## The problem
Without including the pictures, copy out every line below.

*** Data below ***

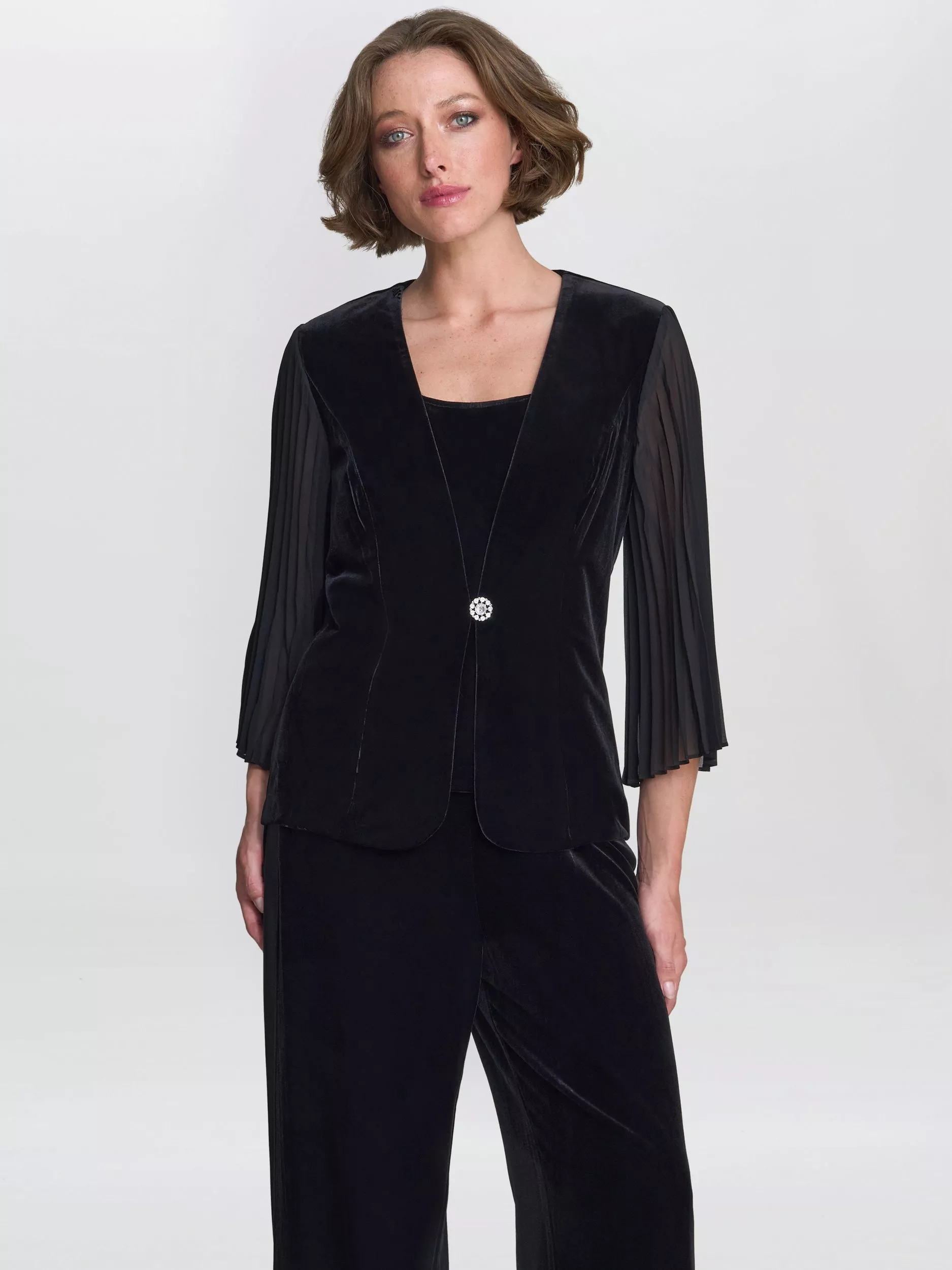 - Jacket body & cami: 90% polyester, 10% elastane, Sleeves: 100% polyester
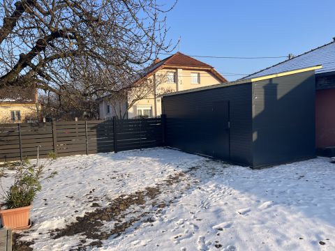 Az utcafronton egy elektromos kapuval szerelt 18 négyzetméteres garázs is épült.
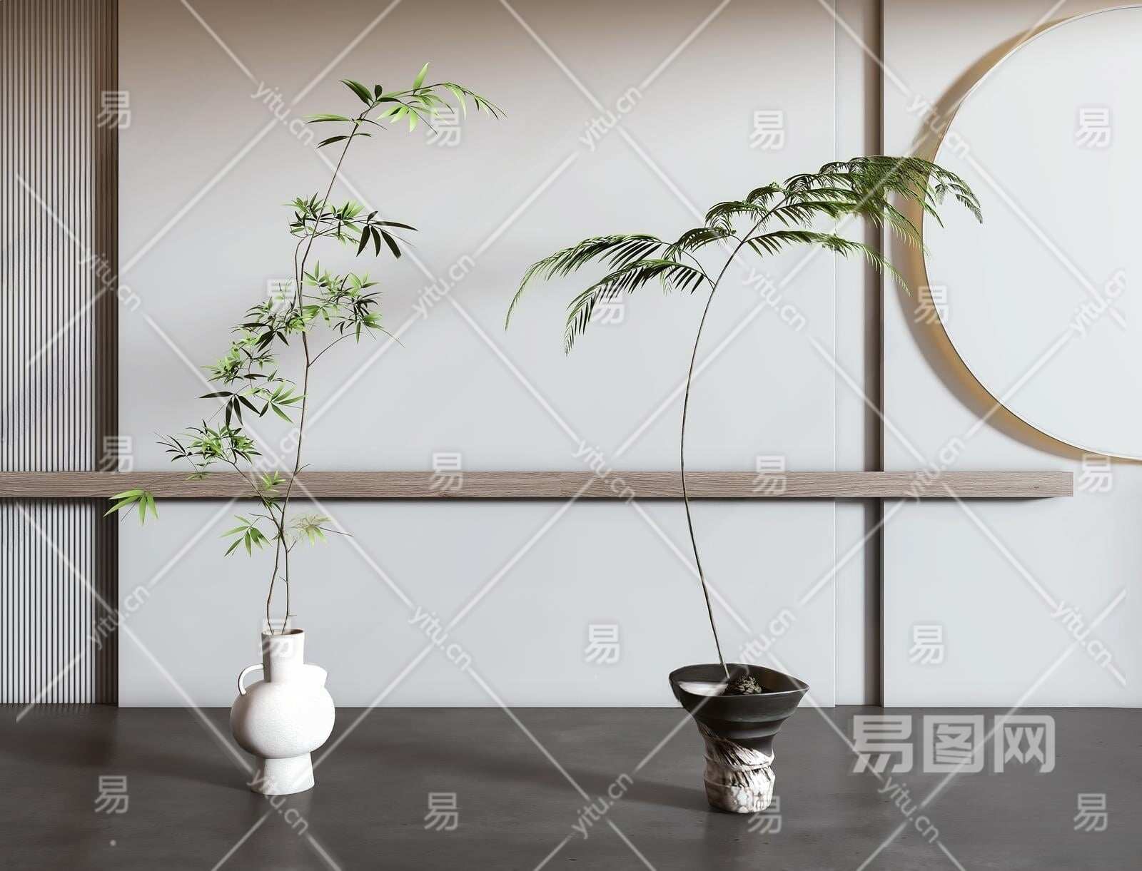 现代植物盆栽组合3D模型下载

*** End of Data below ***

## Solution for this problem
 - Jacket body & cami: 90% polyester, 10% elastane, Sleeves: 100% polyester
 Az utcafronton egy elektromos kapuval szerelt 18 négyzetméteres garázs is épült.
 现代植物盆栽组合3D模型下载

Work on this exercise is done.